*** Data provided ***

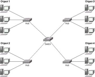 Рис.9. 24-х портовый коммутатор для технологии Fast Ethernet. Коммутаторы обеспечивают логическую структуризацию сети, которая предполагает разбиение сети на сегменты с локализованным трафиком. В случае, когда к портам коммутатора подключены только компьютеры, в одном сегменте сети находятся только компьютеры (отправитель или получатель пакетов данных). Если же к коммутатору подключены не компьютеры, а концентраторы (рис.10), то в одном локализованном сегменте сети находятся две рабочие группы (например Отдел 3 и Отдел 4 при передаче данных между компьютерами из этих отделов). Если же, к примеру, компьютеры Отдела 1 передают информацию внутри отдела, то остальные сегменты сети в этот момент времени будут свободны.
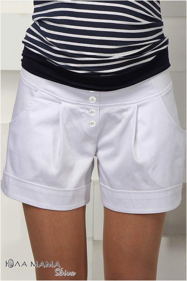 Широкие шорты из стрейч-коттона средней длины, с подворотами. Впереди от пояса вниз складки и карманы со свободным облеганием. Универсальный бандажный пояс с широкими шлевками. Цвет: белый.
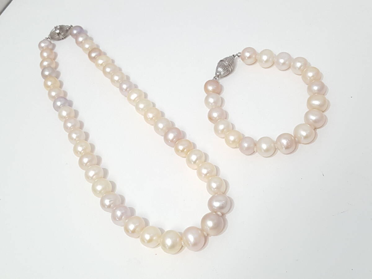 【USED品】大粒変形本真珠 ネックレス ブレスレット 2点セット
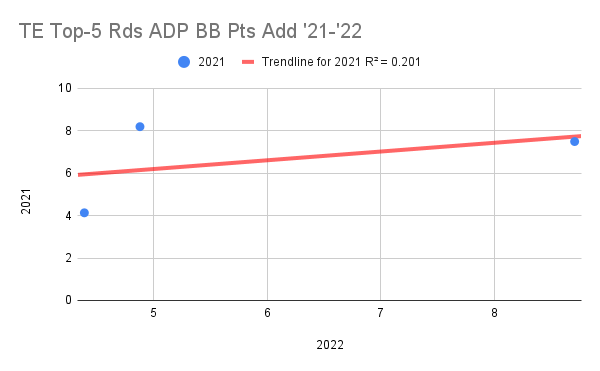 Only three tight ends, Travis Kelce, Mark Andrews, and Hockenson, are typically drafted in the first five rounds. Including George Kittle does not significantly impact the data. However, with a small sample size and weak significance, it’s clear that Kelce has been the difference maker among tight ends.

*** End of Data provided ***

▸ **What is expected**: Reproduce the lines above starting at the one with "Широкие шорты из" and ending at the one with "ネックレス ブレスレット 2点セット", both included, exactly and with no pictures.

▸ **Worked solution**:
 Широкие шорты из стрейч-коттона средней длины, с подворотами. Впереди от пояса вниз складки и карманы со свободным облеганием. Универсальный бандажный пояс с широкими шлевками. Цвет: белый.
 【USED品】大粒変形本真珠 ネックレス ブレスレット 2点セット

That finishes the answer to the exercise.